The molybdenum dioxide nano particle and preparation method thereof that the present invention relates to a kind of for lithium ion battery negative material, first reducing sugar solution and molybdenum source solution are uniformly mixed, mixed solution A is obtained, the molar ratio of reducing sugar and molybdenum source is (1~4) in mixed solution A: 1;Then the surfactant solution for accounting for mixed solution A volume 1%~5% is added into mixed solution A, is uniformly mixed and obtains mixed solution B;The pH value of mixed solution B is adjusted 1~4, carries out homogeneous hydro-thermal reaction at 180~220 DEG C;It is cooled to room temperature after homogeneous hydro-thermal reaction, isolates product and wash drying, obtain the molybdenum dioxide nano particle for lithium ion battery negative material.The present invention passes through MoO synthesized by hydro-thermal method2Nano particle diameter is small, shortens the lithium ion diffusion path in cyclic process, reduces the bulk effect in cyclic process, so that high rate performance is improved with cyclical stability.

Description

It is a kind of for the molybdenum dioxide nano particle of lithium ion battery negative material and its preparation Method
Technical field
The invention belongs to technical field of nanometer material preparation, and in particular to a kind of two for lithium ion battery negative material Molybdenum oxide nanoparticles and preparation method thereof.
Background technique
With the continuous continuous development advanced with science and technology in epoch, lithium ion battery is gradually replaced as a kind of new energy The status of traditional energy becomes a part of mankind's interwoveness, is widely used in portable electronic product, electronic traffic Tool, large-sized power power supply and recharging and energy storage field [Ying Sun, Wei Wang, Jinwen Qin, et al.Oxygen vacancy-rich mesoporous W18O49nanobelts with ultrahigh initial Coulombic efficiency toward high-performance lithium storage[J] .Electrochimica Acta,2016,187:329-339.]。

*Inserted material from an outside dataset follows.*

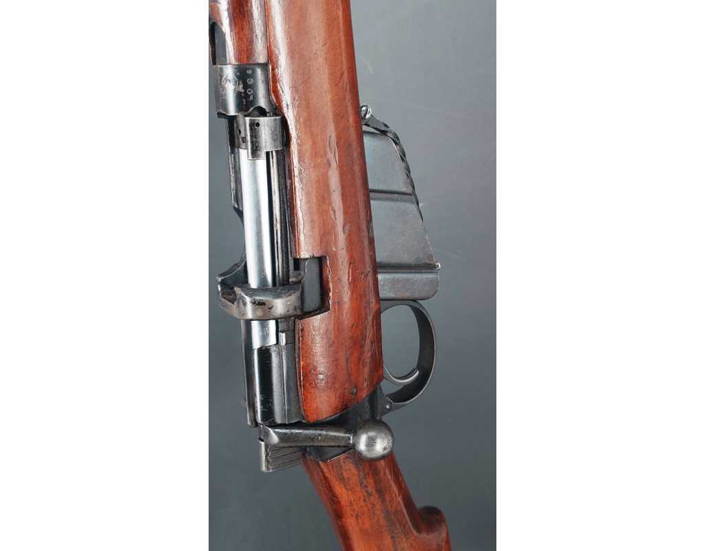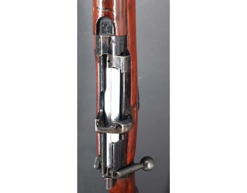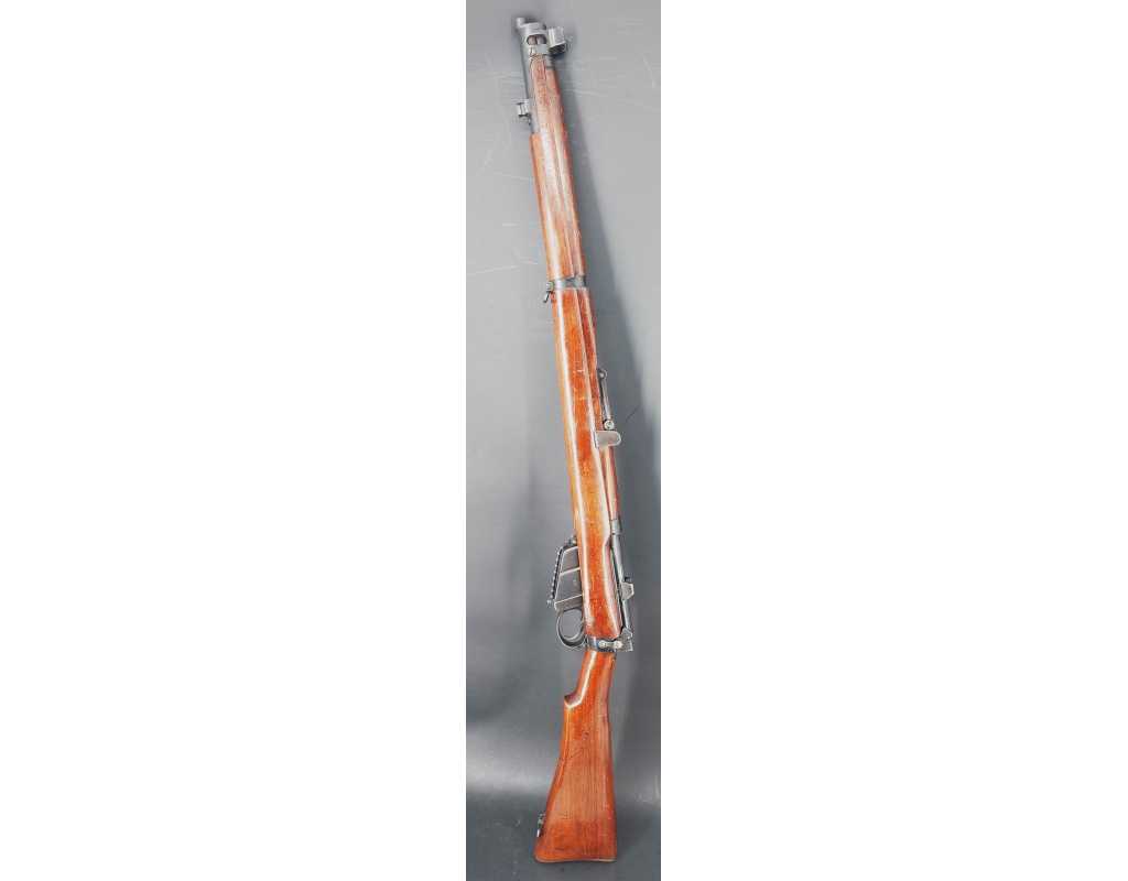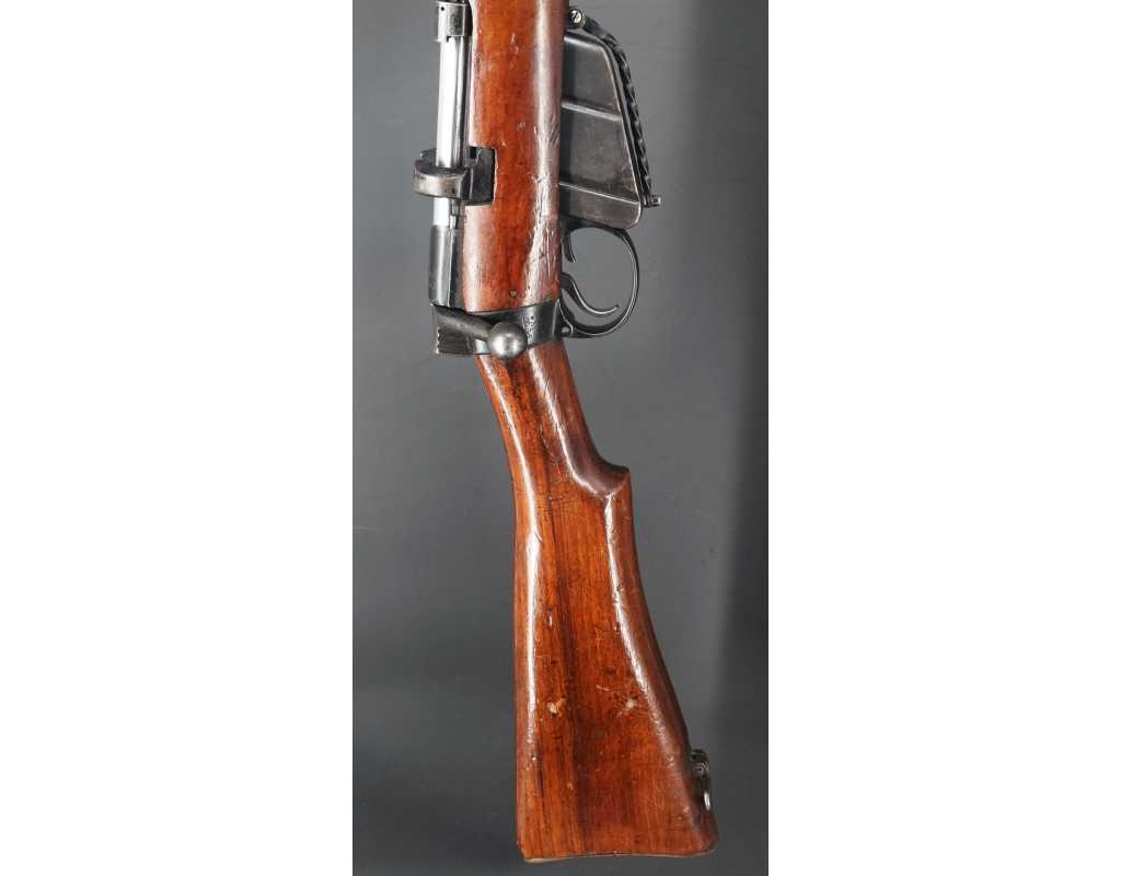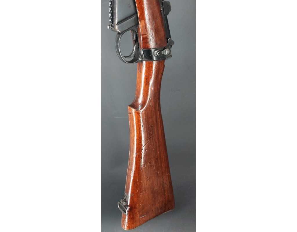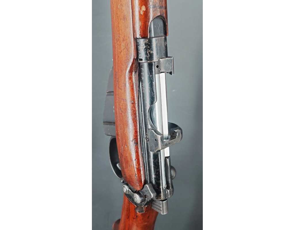 Fusil d'entrainement militaire pour l'infanterie ENFIELD N°1 MKIII ShT22 IV marqué FTR1954, capacité un coup répétition manuelle calibre 22LR. Mécanisme complet avec toutes pièces d'origine parfaitement homogène et au même numéro, bons marquages bien lisibles. peinture noir d'origine patiné de stockage sans oxydation. Rayures brillantes miroir sans usure ni tache. Crosse et fut en parfait état, quelques traces de manutention.

For graphite as a kind of commercialized lithium ion battery negative material, theoretical capacity only has 372mAh/g, very big Limit its application in terms of lithium ion battery.In order to meet mankind itself's increasing demand, people begin one's study energy Replace lithium ion battery negative material [Hao Li, Ming Liang, Weiwei Sun, the et al.Bimetal- of graphite Organic Framework:One-Step Homogenous Formation and its Derived Mesoporous Ternary Metal Oxide Nanorod for High-Capacity,High-Rate,and LongCycle-Life Lithium Storage[J].Advanced Functional Materials,2016,26:1098-1103.].Molybdenum dioxide (MoO2) it is used as a kind of transition metal oxide, there is metallic conductivity.In addition, when it is as lithium ion battery negative material, Theoretical capacity is up to 838mAh/g, hence it is evident that higher than the theoretical capacity of graphite.During the process of lithium ion insertion, related with phase transition Volume change it is smaller, can be used for lithium ion battery negative material [Jianfeng Huang, Zhanwei Xu, Liyun Cao, et al.Tailoring MoO2/Graphene Oxide Nanostructures for Stable,High-Density Sodium-Ion Battery Anodes[J].Advanced Functional Materials,2016,26:1098- 1103.], but it is during lithium ion intercalation/deintercalation that there are biggish volume expansions, to cause active material particle Dusting, rupture, so that active material is fallen off from electrode, lead to biggish irreversible capacitance loss.Currently, there are two methods It can solve this problem, one is the active material of preparation nanosizing, increases the specific surface area of material, reduce charge and spread road Diameter.The second is it is compound with carbon material progress, falling off for active material is not only prevented in this way, but also the carbon coating layer formed can mention The electric conductivity of high material;But the capacity improved is little.
Summary of the invention
It is an object of the invention to overcome problems of the prior art, provide a kind of for negative electrode of lithium ion battery material It is steady to improve circulation of the molybdenum dioxide as lithium ion battery negative material when for molybdenum dioxide nano particle of material and preparation method thereof It is qualitative.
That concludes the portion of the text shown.